# Pastrami recipe recommendations



## Kyleblun (Sep 23, 2021)

I am planning to make my first pastrami soon.  Please let me know your preferred recipes.


----------



## Chasdev (Sep 23, 2021)

I got mine from the Diners Drive in and Dives show.
Dave said on the the episode that it was the best he ever tasted.
Food network has the info..I tried it and it is fantastic and I've made it three times now.









						Primetime Pastrami
					

Get Primetime Pastrami Recipe from Food Network




					www.foodnetwork.com


----------



## zwiller (Sep 23, 2021)

Cured before?  First few pastramis I used corned beef from the store and then rubbed with black pepper, garlic, and coriander.  Very tasty.  If looking to get into curing I'd suggest checking out Pop's brine.


----------



## SmokinAl (Sep 23, 2021)

Try this one.





						PASTRAMI FROM SCRATCH ON THE LANG
					

I was in the grocery store the other day with Judy & she was looking for something & I said I'm going to check out the meat dept.  It so happens the meat mgr. was standing by the beef & I asked him if he had any brisket flats around 8 lbs.  He came back with this guy, a real nice Angus choice...




					www.smokingmeatforums.com
				



Al


----------



## jcam222 (Sep 23, 2021)

Once you have it cured try this rub.
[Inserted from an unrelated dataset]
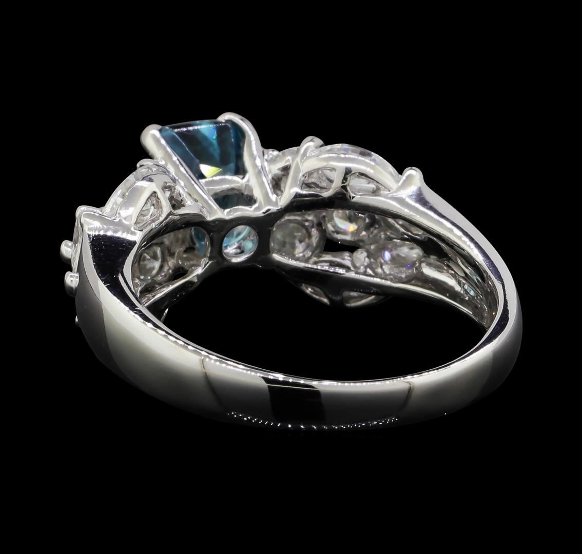 One electronically tested 18KT white gold lady's cast fashion ring with a tapered shank with a bright polish finish. The featured lady's ring has a bow motif top section and a shank measuring 2.50 millimeters wide. Identified with markings of "K18". Condition is new, good workmanship. Containing: One prong set rectangular modified brilliant cut natural blue zircon, measuring 6.88 x 4.65 x 4.31mm, (depth est.) approximate weight of 1.80ct., clarity is eye clean, medium, moderately strong, green blue color, (GIA GB 5/4), cut is good. Transmitting light with no distortion, transparent. Colored gemstones are presumed to have been subjected to commonly used enhancement processes. Graded in the setting. Two prong set round brilliant cut diamonds, measuring 3.35 - 3.30 x 2.07mm (depth est.) approximate total weight of 2 Stones = 0.28ct. Graded in the setting. Clarity: VS-2 to SI-1. Color: H - ICut Very Good Four prong set round brilliant cut diamonds, measuring 3.10 - 3.00 x 1.89mm (depth est.) approximate total weight of 4 Stones = 0.44ct. Graded in the setting. Clarity: VS-1 to VS-2. Color: H - ICut Very Good Four prong set marquise shaped cut diamonds, measuring 4.70 x 2.70 x 1.70mm (depth est.) approximate total weight of 4 Stones = 0.50ct. Graded in the setting. Clarity: SI-1 to SI-2. Color: G - HCut Good Four prong set marquise shaped cut diamonds, measuring 4.00 x 2.20 x 1.39mm (depth est.) approximate total weight of 4 Stones = 0.30ct. Graded in the setting. Clarity: SI-1 to SI-2. Color: H - ICut Good. Total Weight of Colored Stones 1.80ct. Total Weight of Diamonds 1.52ct. Total Weight of Ring 5.40gm. GAS Appraised.

Very legit. https://amazingribs.com/tested-recipes/spice-rubs-and-pastes/katzs-pastrami-rub


----------



## smokeymose (Sep 23, 2021)

I've been happy with Chef jimmyj's "Better'n NY Pastrami Rub". I think this is his latest rendition
for an already cured corned beef;
2 TB Turbinado Sugar
2 TB Black Peppercorns
1 TB Coriander Seeds
1 TB Dill Seed
1TB Dry Minced Onion
1 TB Dry Minced Garlic
1 Tsp Allspice Berries
1 Tsp Mustard Seed
1 Tsp Dry Thyme Leaves
3 Bay Leaves, crumbled
1 Tsp Juniper Berries
Lightly toast whole spices before grinding coarse.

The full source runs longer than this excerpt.